▶ [What you have to do]
Exact copies of all the lines below are wanted, without a single picture.

▶ [Data provided]
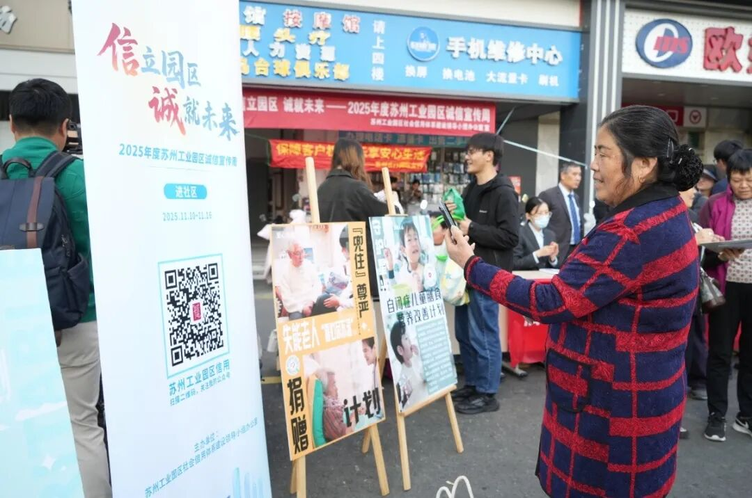 信立園區,“誠”就未來。為深入推進社會信用體系建設,營造“知信、用信、守信”的良好社會氛圍,11月14日,“信立園區,‘誠’就未來”2025年度蘇州工業園區誠信宣傳周進社區活動在唯亭街道青苑商業廣場開展。
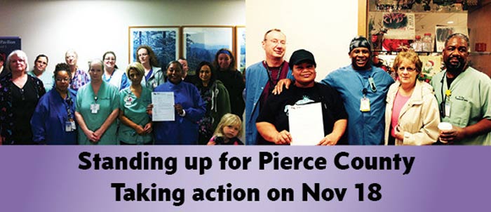 TACOMA- Pierce County needs quality, affordable healthcare and good jobs and now 1,100 healthcare workers are ready to take a stand to hold CHI-Franciscan to its responsibility to provide good care and good jobs our community. The workers, united in SEIU Healthcare 1199NW, delivered notice to CHI-Franciscan St. Joseph’s Medical Center in Tacoma and CHI-Franciscan St. Clare Hospital in Lakewood that, unless the hospitals settle a contract that includes an improved investment in frontline care and end unfair labor practices, they will strike on Tuesday, November 18.
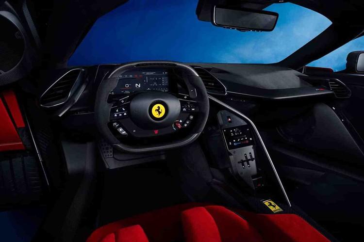 內飾上,新車采用雙座設計,中控臺朝向駕駛員一側,全新的方向盤是F80內飾的一大亮點,未來應該會下放到法拉利的其它車型上去。動力上,新車搭載的是一臺V6發動機+三電機組成的插電混動系統,發動機最大功率913馬力,電動機總功率330馬力,綜合功率1217馬力,百公里加速僅需2.15秒,這也是法拉利有史以來最快的產品。
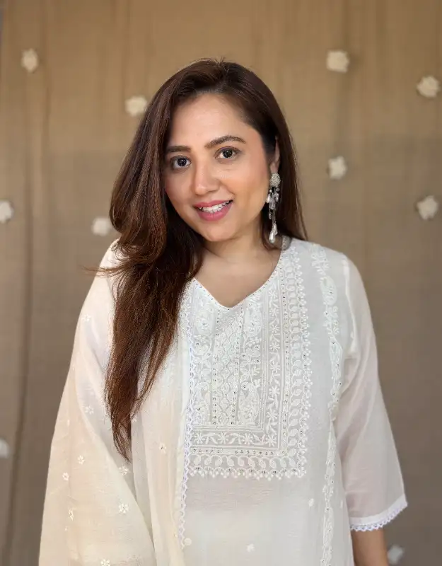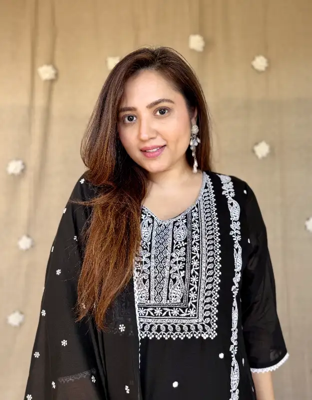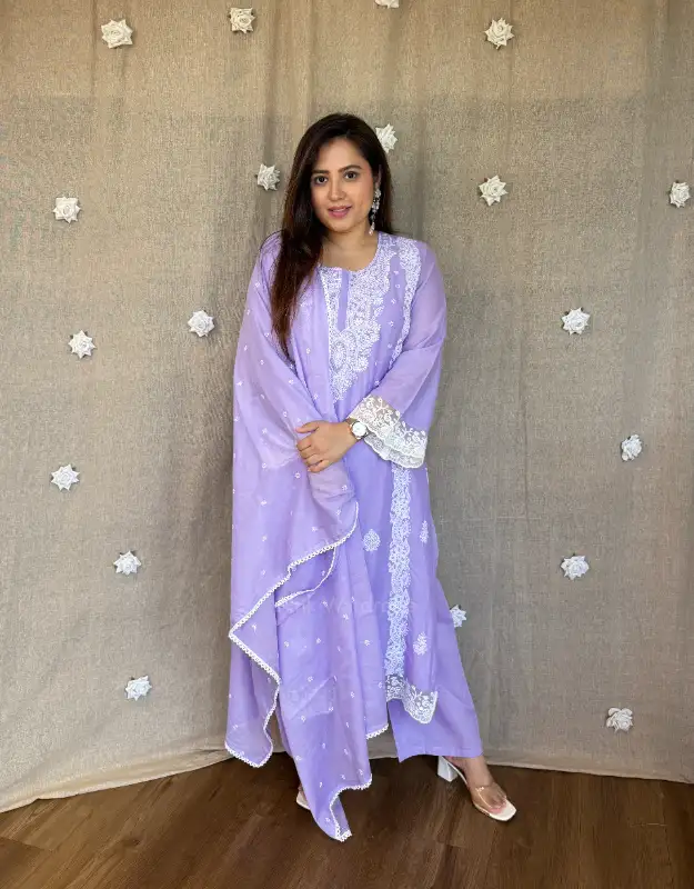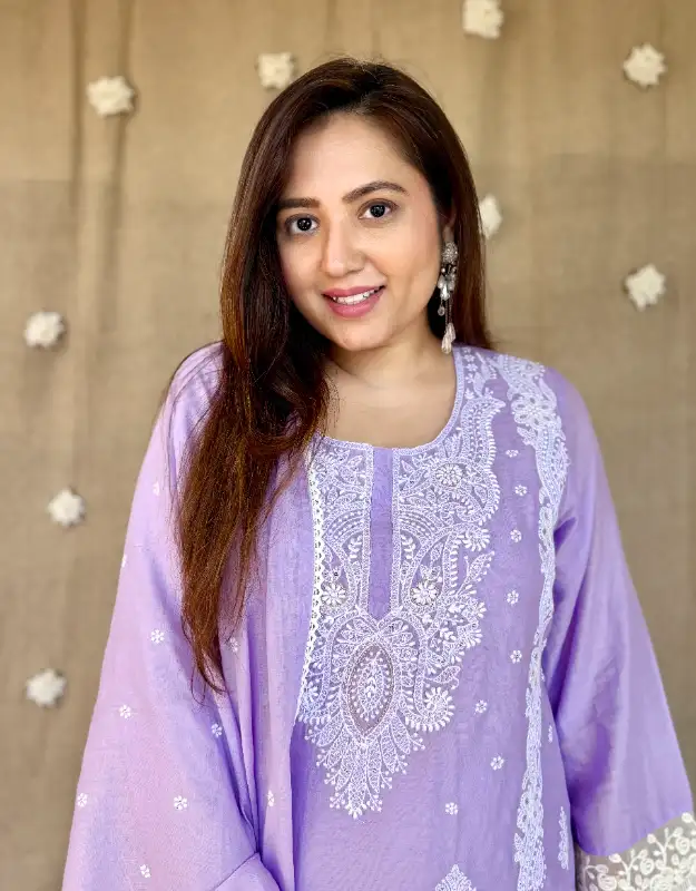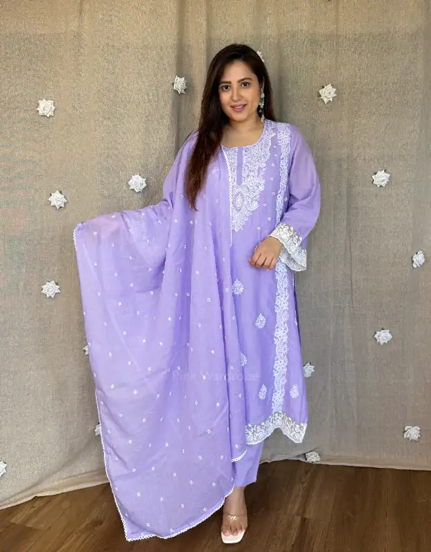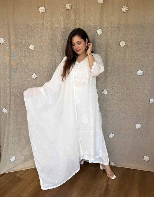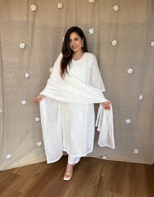 timeless straight-cut Lucknowi Chikankari-inspired suit crafted for effortless elegance and everyday luxury. The kurta features fine machine embroidery inspired by authentic Lucknowi chikankari patterns, offering the same delicate aesthetic with easy maintenance. Designed with a sleek straight silhouette and attached lining, it ensures comfort and structure for all-day wear.

▶ [Your response]
 信立園區,“誠”就未來。為深入推進社會信用體系建設,營造“知信、用信、守信”的良好社會氛圍,11月14日,“信立園區,‘誠’就未來”2025年度蘇州工業園區誠信宣傳周進社區活動在唯亭街道青苑商業廣場開展。
 TACOMA- Pierce County needs quality, affordable healthcare and good jobs and now 1,100 healthcare workers are ready to take a stand to hold CHI-Franciscan to its responsibility to provide good care and good jobs our community. The workers, united in SEIU Healthcare 1199NW, delivered notice to CHI-Franciscan St. Joseph’s Medical Center in Tacoma and CHI-Franciscan St. Clare Hospital in Lakewood that, unless the hospitals settle a contract that includes an improved investment in frontline care and end unfair labor practices, they will strike on Tuesday, November 18.
 內飾上,新車采用雙座設計,中控臺朝向駕駛員一側,全新的方向盤是F80內飾的一大亮點,未來應該會下放到法拉利的其它車型上去。動力上,新車搭載的是一臺V6發動機+三電機組成的插電混動系統,發動機最大功率913馬力,電動機總功率330馬力,綜合功率1217馬力,百公里加速僅需2.15秒,這也是法拉利有史以來最快的產品。
 timeless straight-cut Lucknowi Chikankari-inspired suit crafted for effortless elegance and everyday luxury. The kurta features fine machine embroidery inspired by authentic Lucknowi chikankari patterns, offering the same delicate aesthetic with easy maintenance. Designed with a sleek straight silhouette and attached lining, it ensures comfort and structure for all-day wear.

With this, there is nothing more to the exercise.